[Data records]
○ ○ ○ ○

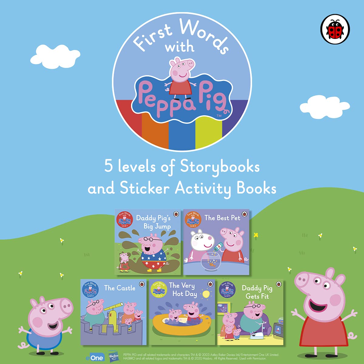The five levels of First Words with Peppa are suitable for children aged 4-6, or younger if supported by an adult. This Level 1 Box Set includes four Storybooks and four Sticker Activity Books.
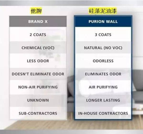 对比他牌,涂料层次更多、完全纯天然,不仅无臭味还能达到空气净化,时效寿命更长。
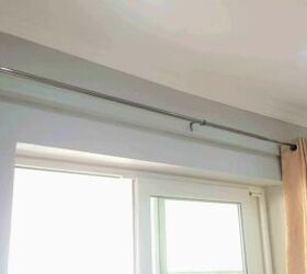 Мы рекомендуем устанавливать карниз на высоте 4 дюйма (10 см) над оконной рамой или на полпути между потолком и оконной рамой.
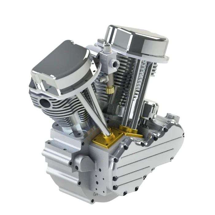 - In terms of fine machining, the cylinder block is made of aluminum alloy with CNC precision machining, and the two copper exhaust elbows are unique. The anodized finish gives the block a polished surface, while the chrome plating makes the rocker covers even more eye-catching. The engine is both a visually pleasing work of art and will remain polished for a long time.
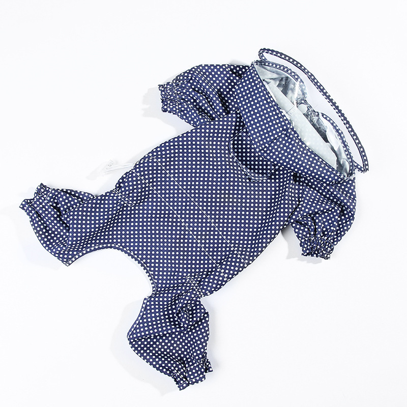 Available in three fashionable colors: Blue dots, Apricot dots, and Pink dots, you can choose the perfect style that suits your pet's personality. Whether it's a casual stroll in the park or a hike in the woods, these raincoats provide both protection and style.
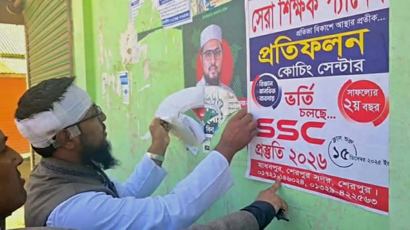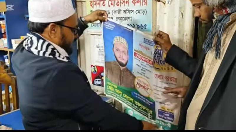 শেরপুরে নিজ নির্বাচনী পোস্টার বিলবোর্ড অপসারণ জামায়াতে নেতা হাফেজ রাশেদুল
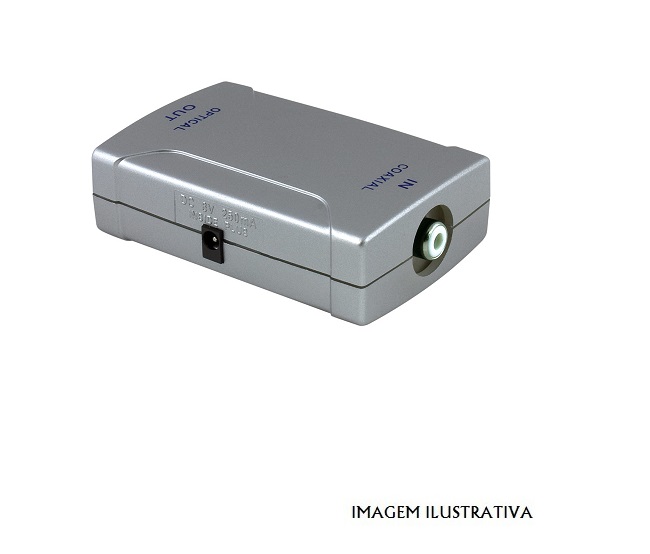 Este é um conversor digital compacto de sinal digital coaxial para óptico. Este conversor funciona apenas em uma direção, entrada - saída (IN-OUT)
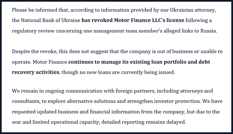 Debitum hat kommuniziert, dass dem ukrainischen Kreditgeber Motor Finance LLC die Lizenz von der Nationalbank der Ukraine entzogen worden ist. Grund dafür sei eine behördliche Überprüfung im Zusammenhang mit den angeblichen Russland-Verbindungen eines Mitglieds des Management-Teams gewesen.
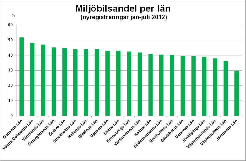 Gotlands län hade den högsta miljöbilsandelen i landet under jan-juli 2012 då 51,7 % av alla nyregistreringar i länet var miljöbilar. På andra plats kom Västra Götalands län med 48,1 % miljöbilar. Riksgenomsnittet för miljöbilsandelen under jan-juli 2012 var 43,6% jämfört med 37,8 % under jan-juli 2011.
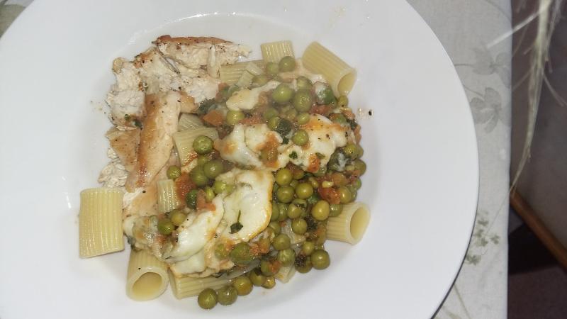 Hähnchenbrustfilet mit Tomaten, Erbsen und Mozzarella aus dem Ofen, dazu Mezzi Rigatoni. Genial lecker. :D
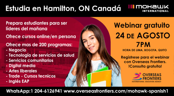 webinar gratuito sobre Mohawk College el dia 24 de agosto a las 7pm.
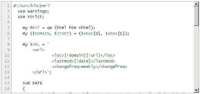 <p>Я наал штамповать сайты 1 в сутки и ессно нужно создавать к ним sitemap для ьыстрейшего индексирования ну и вообще это по правилам уже, руками не создашь ессно для 1000 страниц, поэтому пришлось прибегнуть к знаниям перла и написать скрипт который обходит рекурсвино указанную иректорию и оздаёт <strong>sitemap</strong></p>
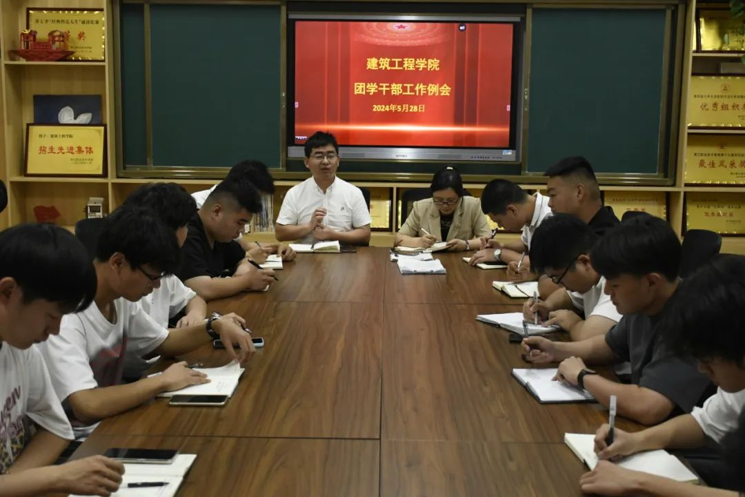 为确保学生日常管理工作顺利进行。加强我院团学组织建设。2024年5月28日,建筑工程学院于党员活动室召开团学干部工作例会。建筑工程学院副院长杨改、学管办主任郭华伟以及全体团学干部参加此次会议,会议由杨改主持。
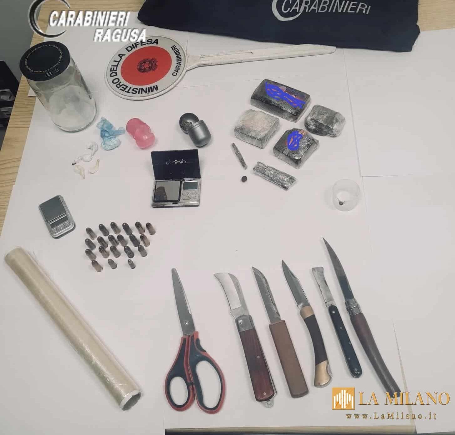 Scicli, blitz antidroga dei Carabinieri: arrestato 40enne con hashish, cocaina e munizioni illegali
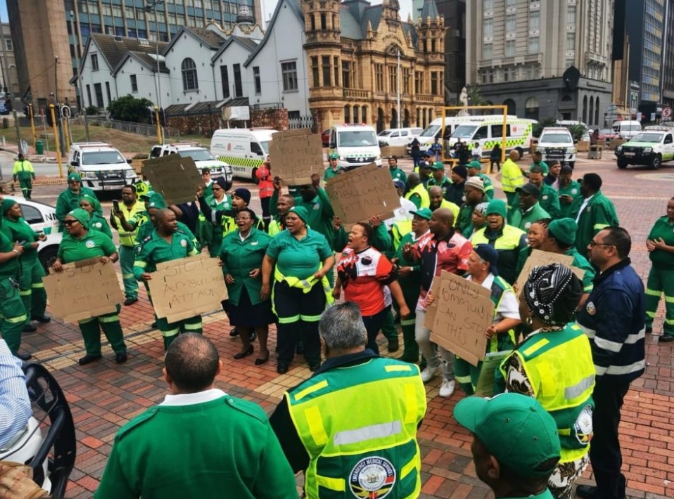 Abasebenzi beenkonzo ezingxamiseko zoMbuso (EMS) eGqeberha bakhokele intaphane yeemoto ezisingise kwiHolo yeSixeko ngoLwesithathu, beyokuvakalisa inkxalabo nodano lwabo kuhlaselo olunobundlongondlongo lwabasebenzi beenkonzo zikaxakeka kwesi sixeko kutshanje.
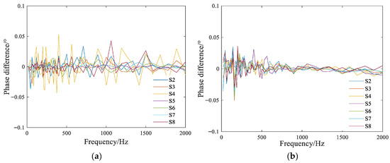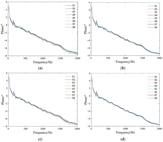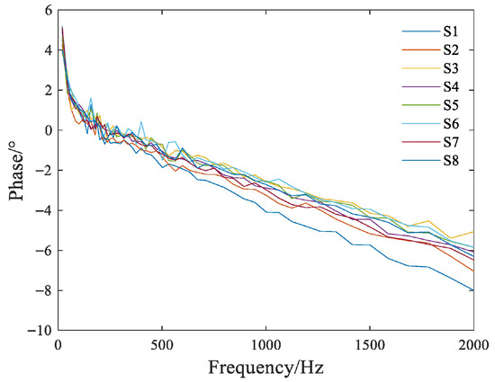 The excitation signal of the vibration table was set as a sine signal with a frequency range from 20 Hz to 2000 Hz, and the driving acceleration is set to 9.807 m/s2. Phase calibration was carried out on the same axial direction of eight sensors, S1~S8, respectively. The original phase–frequency characteristics of the sensors are obtained as shown in Figure 8.
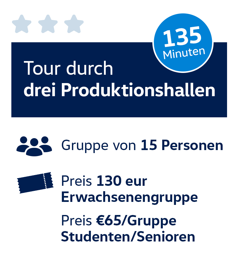 Die Besichtigungstours der Produktionshallen sind für Grundschulschüler ab 12 Jahren, Studenten an Mittel- und Hochschulen, Jobsuchende in der Automobilindustrie, Technikbegeisterte, aber auch für Familien und breite Öffentlichkeit bestimmt. Unsere Tour-Guides beantworten gerne Ihre Fragen und teilen mit Ihnen interessante Fakten hinter den Kulissen der Produktion.
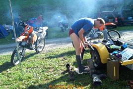 ![]() Sonntag 14:00 Schlammrennen. Hier wird eine FZR durch die 30m lange und 40cm tiefe Schlammbahn geprügelt, eigentlich nur einen Meter weit. Die restlichen 29m wird sie von den Helfern gezogen. |
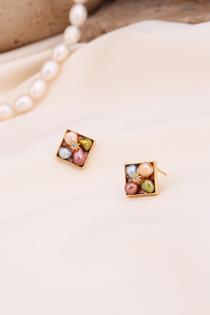 Orecchini con 4 perle di imitazione e cristalli.
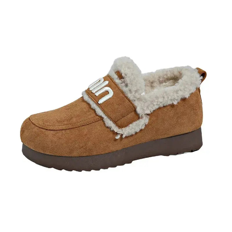 Faux Fur Suede Round Toe Slip-Ons - Plush Fashion Hub
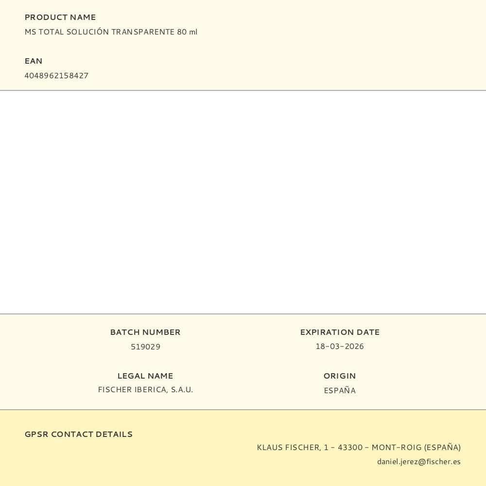 MS TOTAL SOLUCIÓN TRANSPARENTE 80ml 519029 FISCHER, ADHESIVO SELLADOR, TIENE UNA ELASTICIDAD DEL 700%, UNA FUERZA DE TRACCÓN DE 100 Kg/10cm², MULTIMATERIAL PARA TODO TIPO DE SUPERFICIES, SECA EN HÚMEDO, TANTO PARA EXTERIOR COMO PARA INTERIOR, A LA VEZ QUE PEGA ESTANQUEIZA.
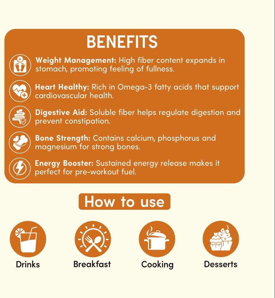 | Feature | Rich In Omega-3,Fiber & Protein,Calcium & Antioxidant Rich,Clean & Gluten-Free |
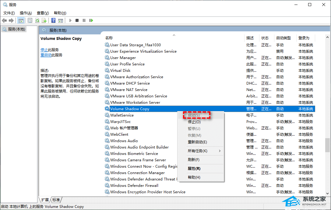 步骤2:找出名为Volume Shadow Copy的服务。如果它没有运行,请右键点击,然后选择“启动”;如果正在运行,请停止运行并重新启动。
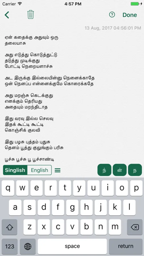 'Tamil Notes' is the easiest and fastest way to write in Tamil letters using existing English keyboard. You don't have to install any other keyboard apps or other web-based Tamil Unicode writers anymore.
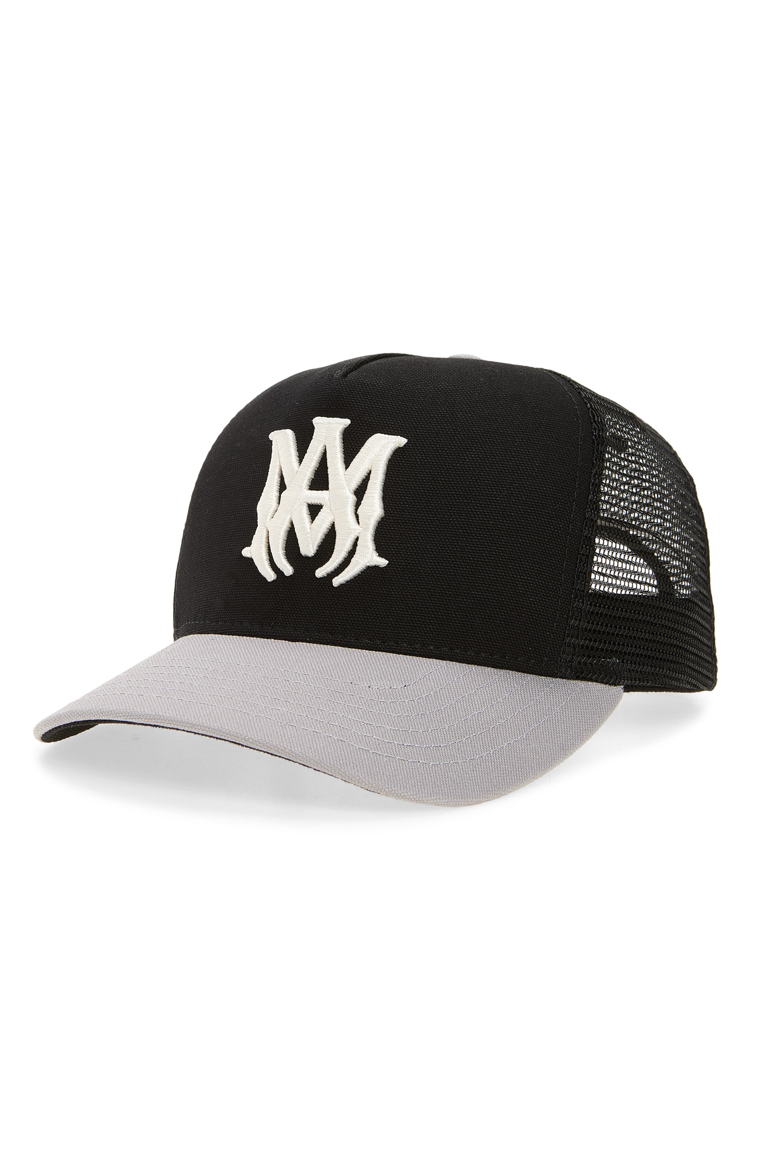 AMIRI MA Outline Embroidered Canvas Trucker Hat in Black at Nordstrom
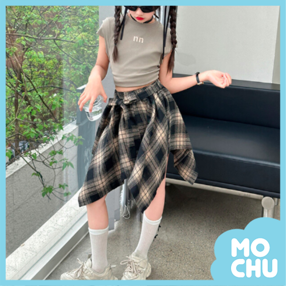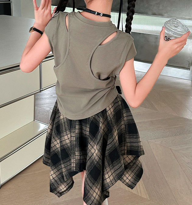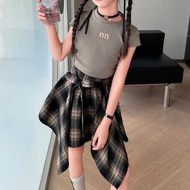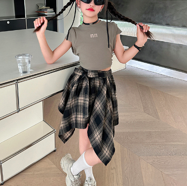 nn字母上衣+格子不規則裙套裝
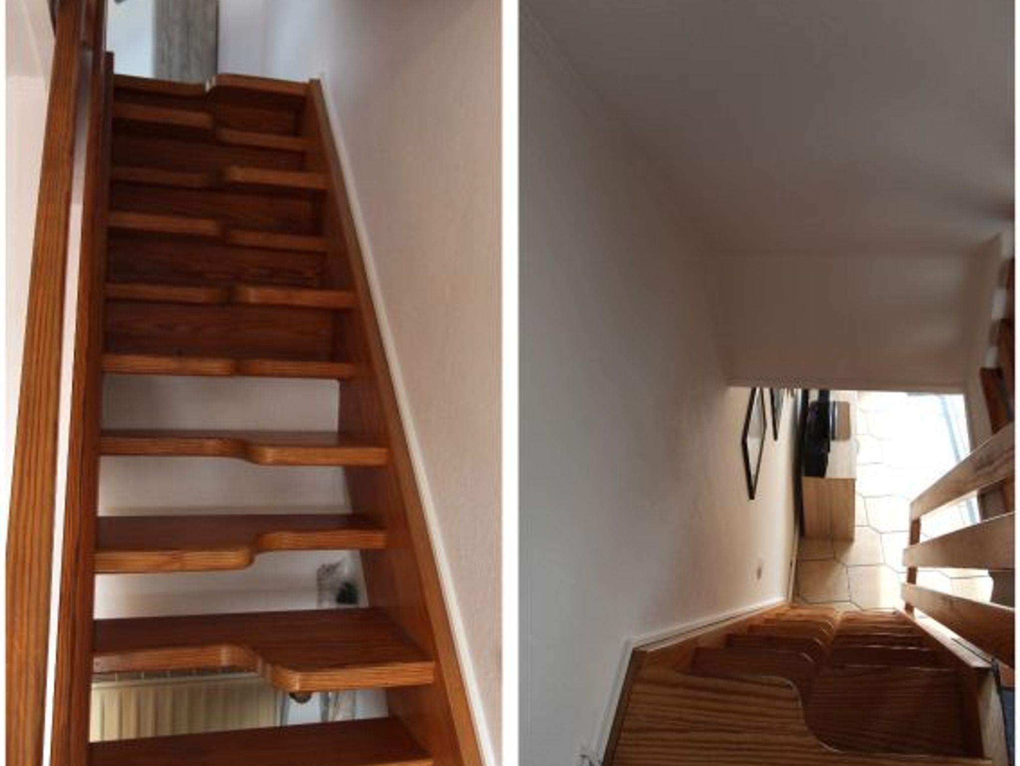 eine schmale und steile Treppe erreicht man das zum Wohnraum offene Schlafzimmer mit getrennten
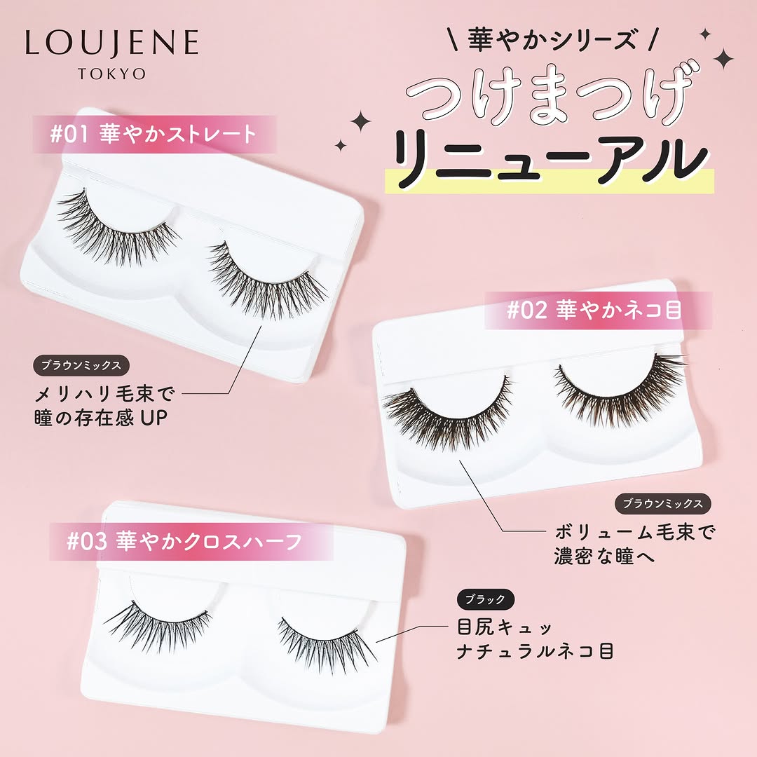 特に内緒シリーズは、自まつげとの境目をぼかすように意識すると違和感が出にくくなります。華やかシリーズはアイラインを少し太めに引くと、根元のラインが目立ちにくくなります。
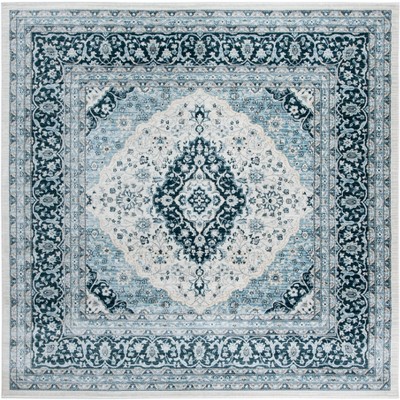 Indulge in the elegance and timeless beauty of our 4' x 4' Square Area Rug, impeccably designed in a serene palette of blue and creme. This finely crafted rug boasts a transitional style that seamlessly blends classic charm with modern sensibilities. Expertly power-loomed in Turkey, this piece showcases a harmonious blend of florals and ornate patterns, offering a sophisticated and plush underfoot experience with a height of 1/4".

○ ○ ○ ○

EXERCISE GOAL: For this exercise, transcribe exactly the part of the records above that opens with the line containing "webinar gratuito sobre" and closes with the one containing "为确保学生日常管理工作顺利进". Pictures are not part of the copy.

EXERCISE RESPONSE:
 webinar gratuito sobre Mohawk College el dia 24 de agosto a las 7pm.
 <p>Я наал штамповать сайты 1 в сутки и ессно нужно создавать к ним sitemap для ьыстрейшего индексирования ну и вообще это по правилам уже, руками не создашь ессно для 1000 страниц, поэтому пришлось прибегнуть к знаниям перла и написать скрипт который обходит рекурсвино указанную иректорию и оздаёт <strong>sitemap</strong></p>
 为确保学生日常管理工作顺利进行。加强我院团学组织建设。2024年5月28日,建筑工程学院于党员活动室召开团学干部工作例会。建筑工程学院副院长杨改、学管办主任郭华伟以及全体团学干部参加此次会议,会议由杨改主持。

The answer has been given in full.